1. A process for producing glycoprotein in a cell, the process comprising:

expressing glycoprotein in cells having enhanced CAD activity; and thereby producing glycoproteins having enhanced glycosylation.

2. A process for producing glycoprotein in a cell, the process comprising the steps of:

selecting cells that are resistant to a CAD inhibitor and expressing glycoprotein in said resistant cells, wherein said expressing produces glycoprotein having enhanced glycosylation.

3. A host cell for expression of glycosylated protein, the host cell comprising:

a heterologous nucleic acid sequence encoding a glycosylated protein; and

enhanced CAD activity as compared to host cells.

4. A galactosylated protein produced by a process comprising:

expressing a heterologous nucleic acid sequence encoding the protein in a host cell having enhanced CAD activity as compared to control host cells.

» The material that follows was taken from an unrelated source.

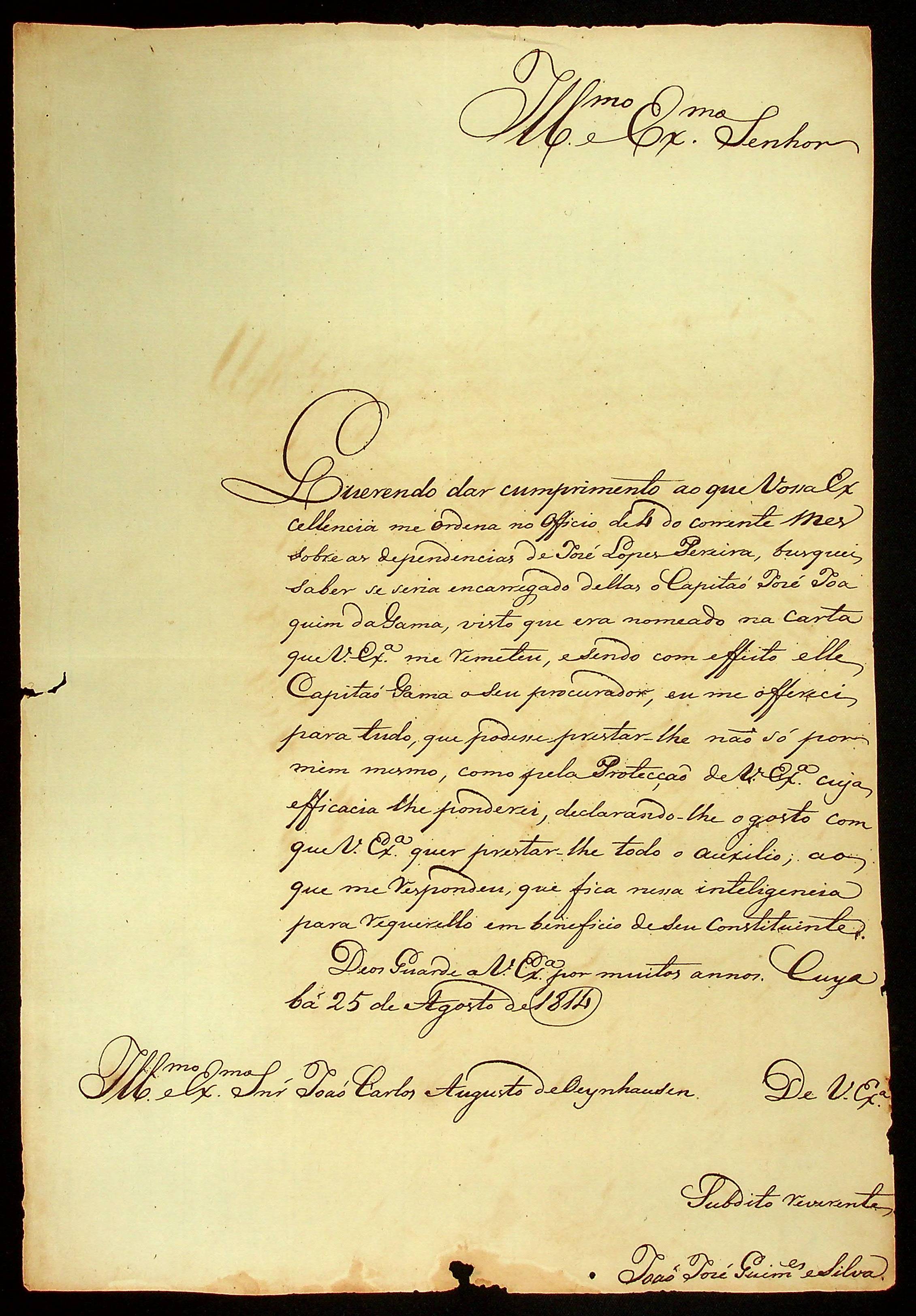 CARTA do [Capitão] João José Guimarães e Silva ao [Governador e Capitão-General da Capitania de Mato Grosso] João Carlos Augusto D´Oeynhausen e Gravemberg.

5. A galactosylated protein produced by a process comprising:

expressing a heterologous nucleic acid sequence encoding the protein in a host cell selected for resistance to CAD inhibitors.

6. The process for producing glycoprotein of claim 2, wherein the CAD inhibitor is N-phosphonacetyl-L-aspartate.

7. The process for producing glycoprotein of claim 2, wherein the resistant cells are CHO cells or insect cells.

8. The process for producing glycoprotein of claim 2, wherein the said expressing produces glycoproteins having enhanced galactosylation.

9. The process for producing glycoproteins of claim 2, wherein the said expressing produces glycoproteins having enhanced sialylation.